Can you give a pseudo code/ detailed explanation about how the following cache replacement policies are implemented?
It is difficult for me to establish a solid understanding of how they work step by step. Thus, I believe that an algorithm for each policy will be crystal clear.
Logically how they're implemented is that the cache lines in a set are ordered, so they form a queue. The head of the queue is the line that will be evicted next time the cache needs to allocate a line in that set.
New lines are allocated at the end of the queue, farthest away from the "chopping block". If there was an invalid line in the set, no eviction is needed: the elements move to fill the gap in the queue. Otherwise an eviction is needed to make room in this set.
For LRU, on a hit that line moves to the most-recently-used (MRU) position. For FIFO, it doesn't.
For random, there's no queue; the cache just picks a random line to replace if there are no invalid lines in the set.
To minimize cache pollution, a non-temporal load or prefetch could allocate the line in the LRU position (next in line to be evicted) instead of the usual LRU. This is useful for data you don't expect to read more than once before it would be evicted anyway. (I think AMD CPUs actually work like this for NT prefetch. Intel CPUs implement prefetchnta
by restricting it to populating only 1 or 2 ways of any set in L3 cache.)
Physically how they're implemented can vary, as long as they implement the desired algorithm. IDK if it's typical to actually copy the data around (write it all back to the cache array after a read hit, for LRU), or to use extra bits in the tags to record the ordering and only write those back. I guess that would be a tradeoff between a much wider extra write port vs. 3 extra tag bits.

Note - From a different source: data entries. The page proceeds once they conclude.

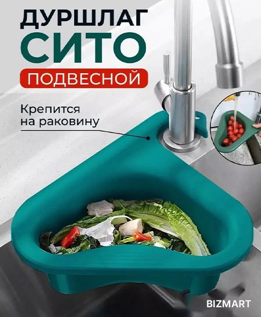 "Забыли о забитых сливах и неприятных хлопотах? Подвесное сито для раковины — идеальное решение! Легко крепится на кухонный кран, позволяя собирать остатки еды, очищать овощи и поддерживать порядок на кухне. Используйте его как удобное место для хранения губок или тряпок. Практичность и чистота каждый день!"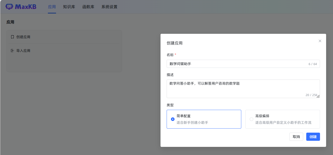 想要把MaxKB 的知识库问答助手功能用起来,需要创建应用。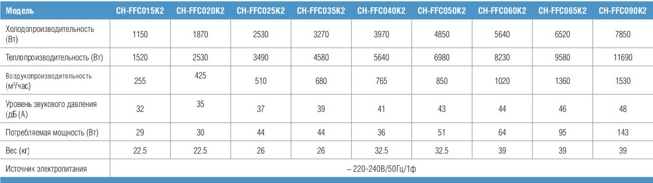 Технические характеристики для серии напольно-потолочных фанкойлов Cooper&Hunter
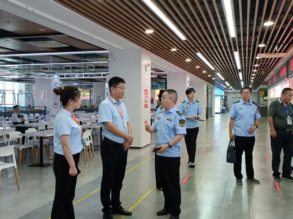 为确保秋季开学师生用餐安全,保障校园生活秩序。9月2日下午,高淳区市场监督管理局食品监管科科长孔春才与开发区分局局长凌晓东带队,对学校食堂食品安全进行了专项检查。后勤处副处长孙永玲、干事周涛及食堂现场负责人陪同检查。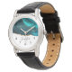 Een horloge met een abstracte stijl. Illustratie van blauwgroen agaatsteen met lagen van verschillende tinten. Een faux gouden glitter lint loopt tussen de lagen van kleur. Modern stijlvol design.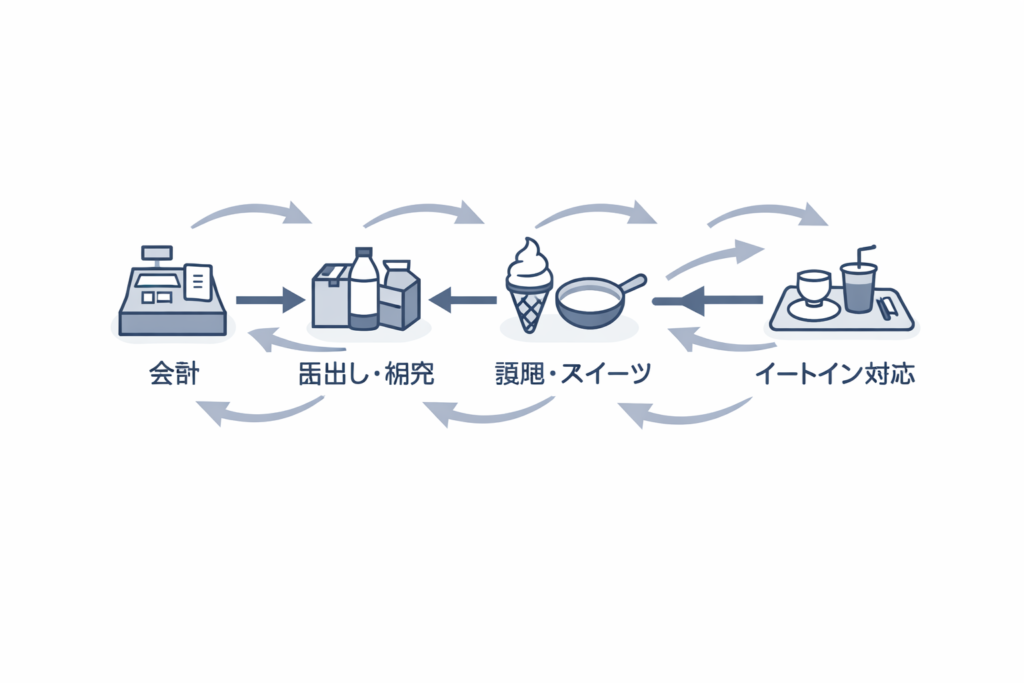 店内の動き 売り場中心 厨房やイートインも意識しやすい 忙しさが「移動」と「並行作業」で出やすい

It's common for fast L1d caches to read tags + data in parallel, so the data for all ways in a set is right there to pick from based on the tag comparator result. But for more power-efficient caches that wait for the tag check and then only fetch the data from the way that hits (if there is a hit), copying the data would be impractical.
I think it's very likely that the LRU logic is normally implemented with extra tag bits that give the ordering of the ways in a set. Your mental model can ignore that and just look at lines moving positions, though.
Or instead of me making stuff up, just read Paul Clayton's answer on How is an LRU cache implemented in a CPU?
Apparently some designs use a pseudo-LRU instead of true LRU, to reduce the number of extra bits per set. e.g. a 4-bit number for each of 16 ways in a large last-level cache, or 8x 3-bit numbers in an 8-way cache. (Plus the hardware to do the LRU logic in parallel would be quite significant.) Or instead of just naively numbering each way, you can potentially encode the possible states of the queue in as few as 16 bits per set. But that's still significant.
(I don't know what modern high-performance x86 CPUs use in practice- whether true LRU is worth the cost for small/fast L1d and/or for larger/slower L2 and L3)